Decisions to progress to the next phase of development, or to launch the medicine, are usually made by senior management, following the recommendations of the team. Towards launch, the focus shifts towards commercial teams who liaise closely with sales and marketing teams in each country, and medical affairs professionals who oversee clinical and scientific activities during and after regulatory submission.
Health technology assessment (HTA)
Reimbursement agencies are responsible for assessing the benefits and costs of introducing new medicines to local healthcare systems. There are multiple agencies across Europe and they vary in their functions and responsibilities. Most include some form of health technology assessment (HTA) as a key component of their review of evidence.
Typically HTAs will consider both clinical and cost effectiveness. In this context, clinical effectiveness is a comparison of the health outcomes of the new medicine with those of available treatment alternatives (the comparative effectiveness). Cost-effectiveness assessments typically focus on whether the additional health benefits associated with the new medicine are justifiable given the potential additional cost to the healthcare system.
Patients and carers
Patients (and carers) will benefit from new medicines that fulfil an unmet medical need or improve current care. However, they are not just potential users at the end of the development, and their involvement throughout the development process is key to ensure that their needs are adequately considered and reflected in the final decision-making.
The unique perspectives of patients and carers can result in diverse attitudes and preferences towards the different outcomes that constitute clinical effectiveness (‘what is important?’). Patients might also suggest different criteria to assess the acceptability of the various treatment options.
Communication with patients, carers and patient organisations is important throughout medicine development. Most regulatory and reimbursement agencies formally seek the views of patients and carers through committee representation and public consultation. Capturing the diversity of opinion enables decision makers to be sensitive to the needs and views of patients.

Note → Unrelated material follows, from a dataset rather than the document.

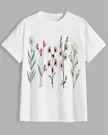 Wildflower Botanical Illustration Summer Cotton Graphic T Shirt - Vintage Artistic, Short Sleeve, Soft Fabric, Comfortable Fit

Clinicians’ perspectives are important to explain what outcomes are important for them when deciding which treatments to offer patients and monitoring the impact of therapy. They can also provide insights into the patient perspective. Many may be involved in decision-making about which services and treatments to offer at a local healthcare payer or provider level.
The views of clinical professionals are sought extensively by product development teams in pharmaceutical R&D, as well as regulatory authorities and reimbursement agencies, where they have prominent roles as committee members or expert consultants.
Other perspectives that may be important for new medicines include those of national and local policy makers, local healthcare insurers or commissioners (frequently referred to as ‘payers’), healthcare provider organisations and employers (who pay for health insurance, especially in US).
Although they all have requirements for evidence of (relative) effectiveness, these have not been the specific focus of the GetReal programme.